An API that configures WebRTC encoders to scale input frames if they are greater than the specified maxWidth and maxHeight. This API is similar to scaleResolutionDownBy except that resolution constraints are expressed in absolute terms (for example, 640x360) as opposed to relative terms (for example, scale down by 2), avoiding race conditions related to changing input frame size on the fly.

New origin trials

In Chrome 131 you can opt into the following new origin trials.

Playout statistics for WebAudio

The AudioContext.playoutStats feature allows an application to measure the quality and latency of audio playout using WebAudio.

Summarizer API

A JavaScript API for producing summaries of input text, backed by an AI language model.

Deprecations and removals

This version of Chrome introduces the following deprecations and removals. Visit ChromeStatus.com for lists of planned deprecations, current deprecations and previous removals.

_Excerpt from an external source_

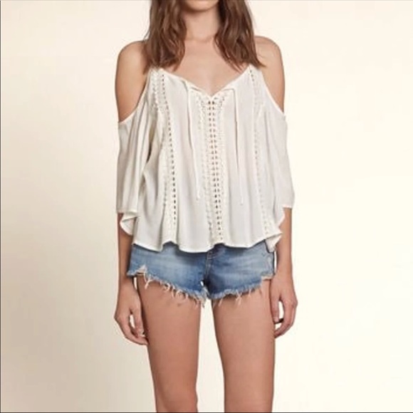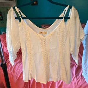 Off the shoulder, white flowy sleeve top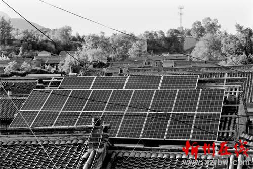 五臺(tái)縣豆村鎮(zhèn)閆家寨村有著上千年的歷史,全村一式的古建筑傳統(tǒng)瓦房。近年來,在豆村鎮(zhèn)黨委、鎮(zhèn)政府脫貧攻堅(jiān)的號(hào)召下,全村17家貧困戶在瓦房上建起戶用光伏電站17個(gè),總?cè)萘?5KW。圖為“瓦房上”的發(fā)電站。

This release of Chrome removes three features.

Remove the CSS Anchor Positioning property inset-area

With the CSS Working Group resolution on renaming the inset-area property to position-area, this removal cleans up the implementation in Chromium for a standards compliant feature.

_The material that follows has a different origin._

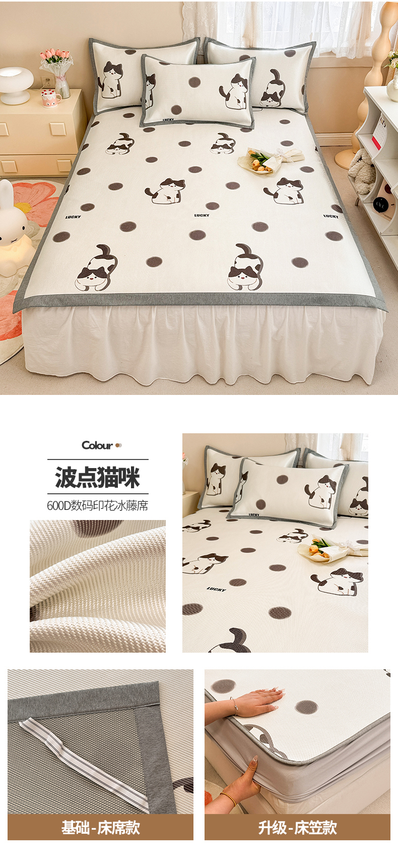 (总)懒猫家纺 2024新款600D数码印花冰藤凉席-床单款
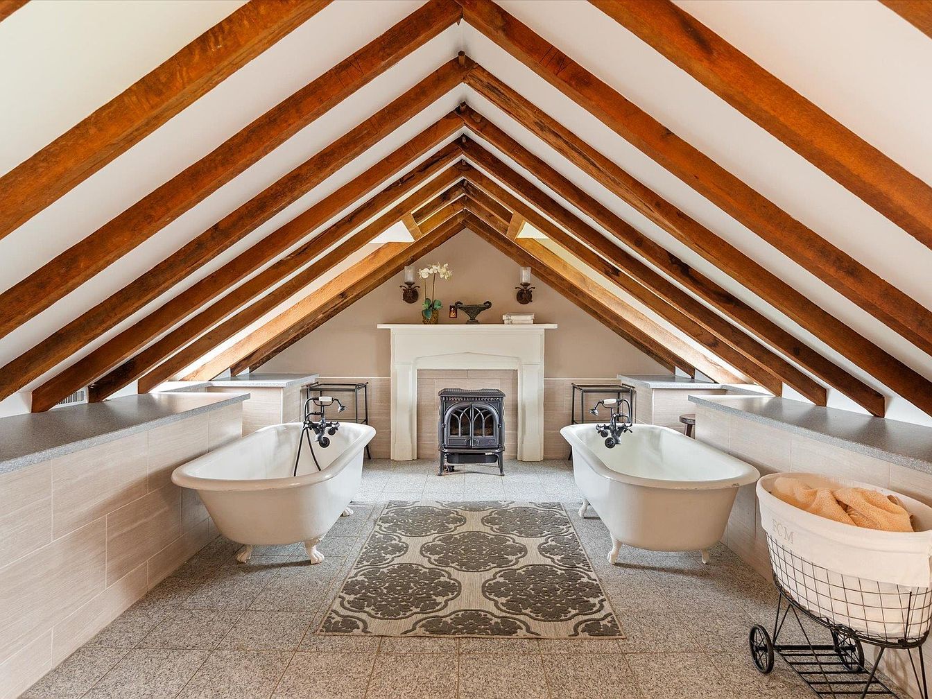This unique attic bathroom features exposed wooden beams that create a warm, rustic ambiance paired beautifully with neutral walls and tiled floors. Twin clawfoot bathtubs are positioned side by side, providing an inviting space for family members to relax together. Natural light pours through the side windows, illuminating the soft beige and cream color palette. A decorative rug and a classic white fireplace add charm and elegance, while a wood stove lends extra coziness. Ample ledges run along both sides, perfect for toiletries, towels, or keeping an eye on little ones during bath time. Family-friendly and serene, this bathroom inspires relaxation.

Remove the ability to disable BeforeunloadEventCancelByPreventDefault

Feature BeforeunloadEventCancelByPreventDefault was shipped in Chrome 117, but there is an enterprise policy that allows this flag to be force-disabled. The enterprise policy will be removed in Chrome 131.

Remove non-standard GPUAdapter requestAdapterInfo() method

The WebGPU Working Group decided it was impractical for requestAdapterInfo() to trigger a permission prompt so they've removed that option and replaced it with the GPUAdapter info attribute so that web developers can get the same GPUAdapterInfo value synchronously.